I move down a hallway lit with nothing but a single dusty window at the end of it. I drag my fingers across the wall with each deliberate step. The dust caked on the wall colors my fingers and the floor in equal measure. I come to a door on my right and open it. Inside appears to have been a room someone lived in. It was barren now, giving little indication that it wasn’t always the case.
There was a bed in the left corner stripped bare of even its mattress. A large, dust-caked mirror hangs above a vanity- on which rests a single book. When I slide my fingers down it, engraved letters respond. The book jumps open, causing a massive amount of dust to explode into the room. It’s so thick that I literally am unable to breath. I snatch the book and run back downstairs and outside, drawing the attention of the two who promptly followed me in confusion.
Mimi is patting my back as I hack and cough up thick globs of phlegm and dust. “Is that a book?” Rose asks an obvious question when my breathing seems to stabilize. I give her a nod and hold it out in front of me. As I shake it, thick dust goes everywhere causing a reaction from the two. Being near the ocean had its perks though, as a breeze quickly sweeps the dust away.
I quickly flip through its pages and find a rather inane set of writings within. “I can’t understand it,,” Rose says while looking over my shoulder. I close my eyes for a moment before forcing the book to join me.
“Perhaps we’re not supposed to.”
I shove the book into my pocket and start back towards the Academy. “Rose,” I call as we walk away from the orphanage. “Bring Vol by the hospital tomorrow alright?” She gives a hesitant nod.
When we arrive back at the Academy, I say goodbye to the others so they can get food and go to their rooms they’ve been loaned for our stay. I pay Dom a visit despite how late it is. He’ll just have to deal with it. At least, hope he’ll still be in his office.
My luck holds out as Dom is still pouring over a book by candlelight at his desk. He looks up when he notices me entering. “Always one to skirt decorum hm?” I ignore his comment and take a seat across his desk. “If you’re here about the research then I suggest you speak with Ninavin. The details escape me, but progress has improved by leaps and bounds from my understanding. Your way home is all but secured.”
I feel lightheaded at this news. Home. My sweet home is so close. I miss Grandpa and even Jaimie. I make a promise to myself to visit Rachel’s grave when I return home. It’s been far too long and I have so much to tell her. Despite my elation, I have to focus on what I can do here and now with my own two hands, however.
“That’s wonderful news Dom but that’s not why I’m here tonight,” while sliding the notebook I found to him.
Dom looks at it, then at me. “And?” He asks while opening it. “Gibberish,” he says.
“I found it in a room upstairs at an Orphanage called Arcadia.”
He looks sorrowful as he reminisces. “Ah. You’re concerned about Miss Smith. Yet how did you come across this information?”
“So it’s the truth then? Kay is an orphan and grew up there?”
“It would seem I say too much in my old age.
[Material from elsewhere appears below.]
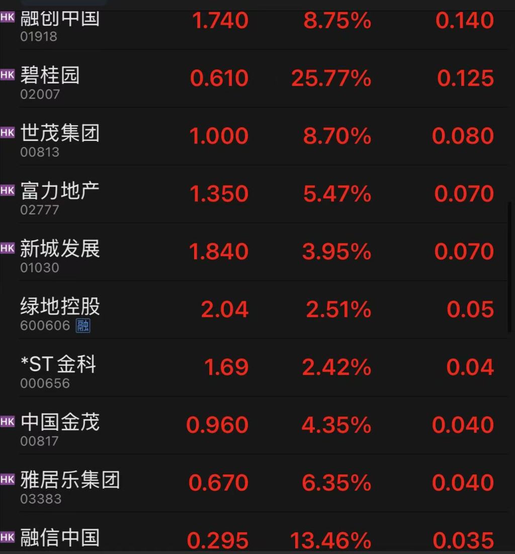 港股方面,今日复牌的碧桂园(02007.HK)报0.61港元/股,涨幅25.77%;融信中国(03301.HK)报0.31港元/股,涨幅19.23%;万科企业(02202.HK)报5.6港元/股,涨幅13.13%;中梁控股(02772.HK)报0.124港元/股,涨幅20.39%;融创中国(01918.HK)报1.75港元/股,涨幅9.38%;旭辉控股集团(00884.HK)报0.285港元/股,涨幅5.56%。
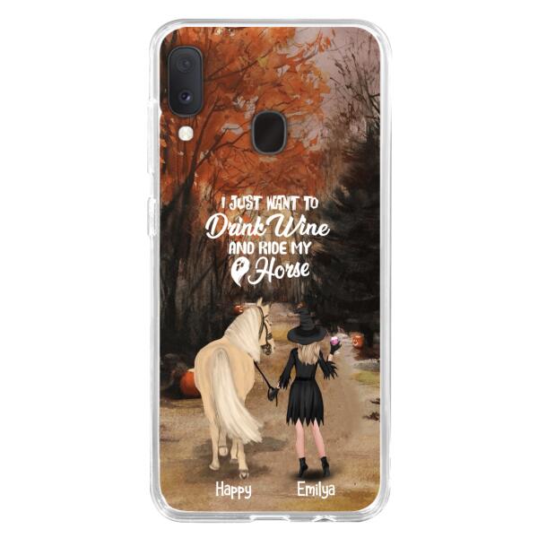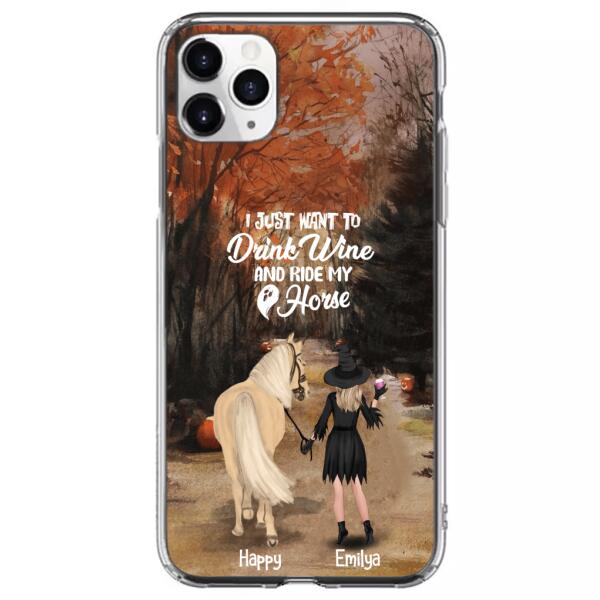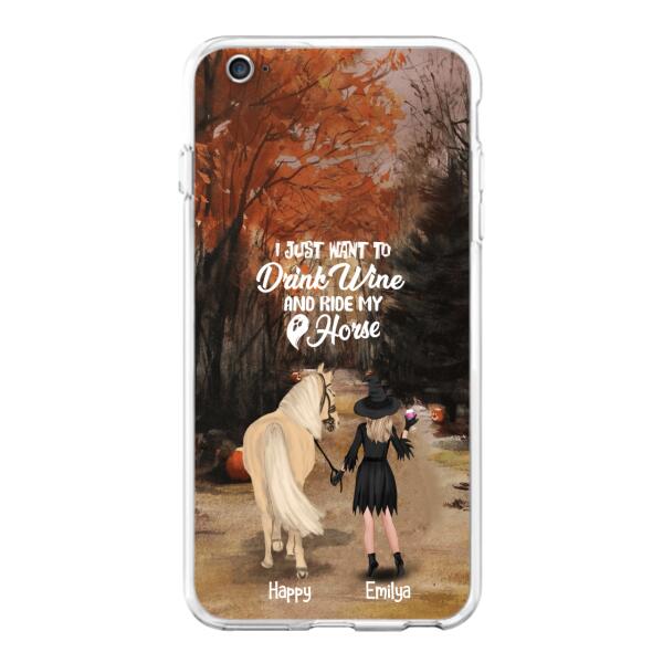 Custom Personalized Horse Witch Phone Case – Halloween Gift For Horse Lover – Drink Wine And Rise My Horse – Case For Iphone And Samsung – Eqriyv

But yes, you have the right of it.” He gives me a nod and returns to the pages, slowly running his hand over the pages within. “‘Tis a shame what happened there.”
I go to question him about it but he slowly shakes his head. “Perhaps you should get that story, and this-” he gestures to the book, “Information from the girl herself.”
“Even you can provide wise counsel occasionally, ne?”
He gets a twinkle in his eye and says, “Occasionally, ” before seeing me off.
When I enter Kay’s room, I find her fast asleep. I decide my plan for tomorrow and lay down to go to sleep beside her. To my surprise, she cuddles into me. At least some part of her is still there, even if only in dreams.
Morning comes and I do my usual routine. Only today we have a little guest in the form of Vol. He’s gotten so big. He’s above my stomach nowadays. We talk while we eat and I promise him we’ll play today. We decide to meet in the courtyard in an hour. It’s time to break this misery over Kay.
She’s awake, if you can call it that, when I enter. “Kay, let’s get you some fresh air. It’s not healthy to be like this.” She doesn’t even budge. Well, I expected as much. So I scoop her up and carry her. Surprisingly, she doesn’t fight me about it.
She’s light as a feather in my arms, and even in this state, with her unfocused eyes and incoherent emotions splattered across her face, her warmth still fills me. I hope to all there is that this works. With these thoughts, I find myself in the courtyard, Kay in tow. Even in her current state, she can’t help but take a small peek around in curiosity.
I find a soft, clean patch of grass and sit her down. Her grip on her bird tightens, but her eyes wander around. Not even five minutes later, Vol comes running at us in the distance. Immediately, Kay tenses up and looks in his direction. His beaming face greets us as he comes to a stop. His dirty-blond curls bounce around from the momentum. He moves those blue eyes to Kay and gives his toothy grin. “Kay!” he yells and tackles her into a big hug.
“Your move,” I mumble to myself.
Or rather, judging by the absolute hate in her eyes, Kay seems to have heard me. I give her a shrug and set down beside her. “Is something wrong Kay?” Vol asks.
She avoids his gaze and gives a small head shake. “Oh that’s cool, is that a statue?” He asks while admiring the bird. Kay squeezes it closer to herself and shakes her head more violently than before.
“It’s really pretty,” he tells her. I can’t help but give him the same look as Kay- confusion. How could anyone think that thing is cute? It’s a dead bird frozen solid with half of its feathers missing.
“Really?” Kay speaks for the first time in nearly a week now. Her voice is even raspier than usual from disuse.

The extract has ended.